How to stretch your hip flexors:

  1. Kneel on one knee, with your other leg bent for support (in other words, kneel like you're about to propose to someone)
  2. Lift the arm on the same side as your bent knee upwards, reaching for the ceiling
  3. Tilt your pelvis forward
  4. Hold for about 30 seconds

4. Stretch your glutes

Your gluteal (buttock) muscles are the largest muscle group in your body, and they're also the muscles you use the most — even for simple actions like standing up, stepping down or walking. Tight glutes can pull your pelvis and hips back, placing tension on your hip flexors, as well as your quadriceps muscles and tendons, leading to pain around the kneecap.

How to stretch your glutes:

  1. Lay on your back
  2. Bring one knee to your chest
  3. Pull the knee across to the opposite side of your chest
  4. Hold for about 30 seconds

5. Stretch your core

A strong core, which includes your abdominal muscles and lower back muscles, helps keep your legs in proper alignment while moving.

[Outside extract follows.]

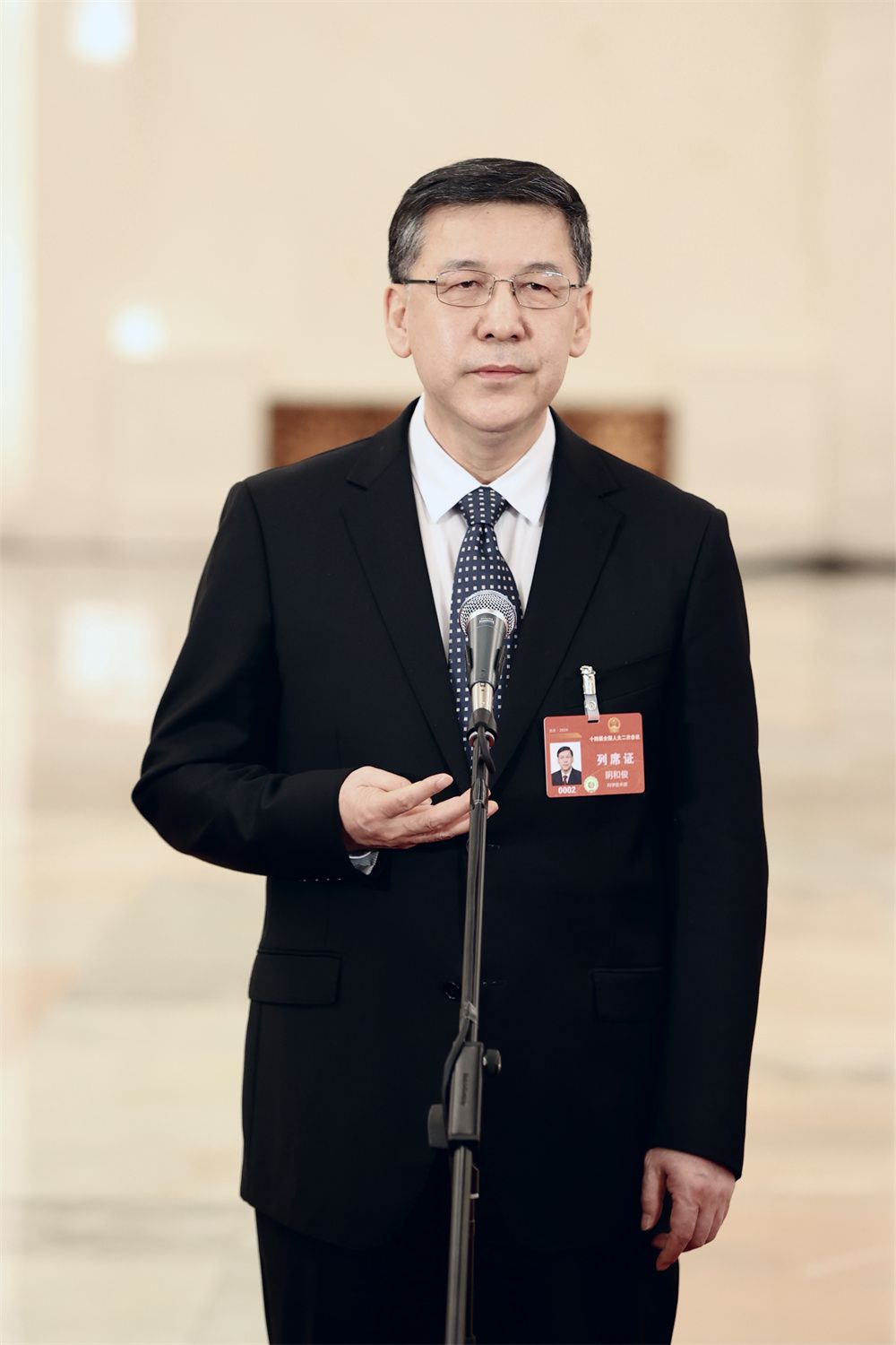 3月5日,十四届全国人大二次会议首场“部长通道”集中采访活动在北京人民大会堂举行。图为科学技术部部长阴和俊接受媒体采访。(图片来源:本文图片均自中新社)

Tight core muscles can bring your hips out of alignment by pulling your pelvis forward or backward, altering knee position, as well as by placing added stress on the quadriceps muscles, affecting knee stability.

How to stretch your abs and lower back:

  1. Get on your hands and knees, in a tabletop position
  2. Drop your head while arching your back upwards
  3. Hold for a few seconds
  4. Raise your head, extending your neck upwards, and press your stomach downwards, creating a dip in your back
  5. Hold for about 20 seconds
  6. Repeat 2 more times

You may also want to stretch your IT band

Your iliotibial (IT) band runs along the outside of your leg, and it can become tight with overuse — particularly in runners, cyclists, and hikers. IT band tightness can cause your kneecap to be pulled towards the outside of your knee, leading to pain.

How to stretch your IT band:

  1. Sit down on the floor with both legs extended
  2. Cross your affected leg over the top of your unaffected leg
  3. Pull your affected leg in the direction of your unaffected leg — initiating a stretch on the outside of your affected thigh
  4. Hold for about 30 seconds
  5. For a deeper stretch, you can also twist your torso toward the direction of your affected leg

"Heavily working your muscles during exercise can lead to tightness, but the muscles that support your knee can also become tight just by sitting for prolonged periods of time, especially if you're sitting with poor posture," Dr. Brooks adds. "This means even if you're not running or cycling, stretching these five muscles is still an important component of improving and maintaining your knee health."